10
- Source:
- ukiyo-e.org
Description
Plate 10 from Women in Their Pursuits continues Yamamoto Shoun's patient catalog of Meiji feminine life, contributing another quietly observed scene to a series that, taken in full, functions as a graphic diary of turn-of-the-century Japan. Shoun, who studied Kano and Maruyama-Shijo painting before establishing himself as a leading designer of woodblock prints in the 1890s, used the Women in Their Pursuits album to extend the centuries-old [bijin-ga](/glossary/bijin-ga) tradition into the modern era, replacing the famous courtesans of Edo with everyday wives, daughters, and working women rendered with affectionate precision. The sheet shows his characteristic technical signature: clean brushed outlines softened by mica or gauffrage in the textiles, a palette restricted to a handful of well-balanced colors, and ample negative space that lends the figure an almost photographic stillness.
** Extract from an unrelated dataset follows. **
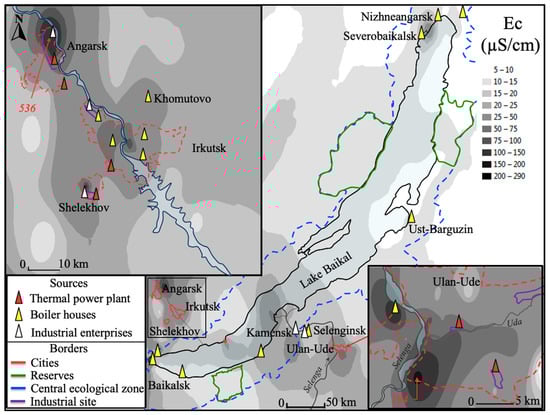 In order to understand the overall picture of soluble pollutants in the snow water of the Baikal Basin, the distribution of electrical conductivity was mapped (Figure 4). The map allowed estimating the acreage and pathways of transfer of emissions from industrial enterprises, as well as zoning the region according to the degree of soluble pollutants in water (aerosol load). As a result, increased levels of snow cover pollution were identified in cities as sources of pollution (Figure 4). The city of Angarsk, being the most prone to anthropogenic pollution, had an industrial zone with a length of more than 30 km and a total atmospheric emission of more than 110 thousand tons per year []. The atmospheric emissions from the Irkutsk agglomeration and the cities of Buryatia extended for tens of kilometers along the prevailing transfer pathway as well as along the main traffic flows and were locally determined near small settlements located on the coast. The plumes from industrial enterprises of the Irkutsk agglomeration were found on the ice of South Baikal in the area of Cape Kadilny (marked with an asterisk in Figure 4). The impact of emissions from the cities of Selenginsk and Kamensk, which are the sources of pollution in Buryatia, was visualized in the delta of the Selenga River (Figure 4).

The print descends from the Japanese Art Open Database indexed by [ukiyo-e](/glossary/ukiyo-e).org, an essential reference for collectors of Meiji bijin-ga and a repository that has preserved the album in its proper order. Shoun's parallel series Ima Sugata (Modern Figures) shared the same impulse to honor the rhythms of contemporary life, but Women in Their Pursuits leans into vocation and activity, lending each plate a sense of purpose absent from more decorative beauty prints of the period. Plate 10 fits comfortably within that program. It is neither sensational nor sentimental, but instead an observation made by an attentive draftsman who believed that the dignity of a Meiji-era woman at her work was subject enough for a print to be worth designing, cutting, and printing with care.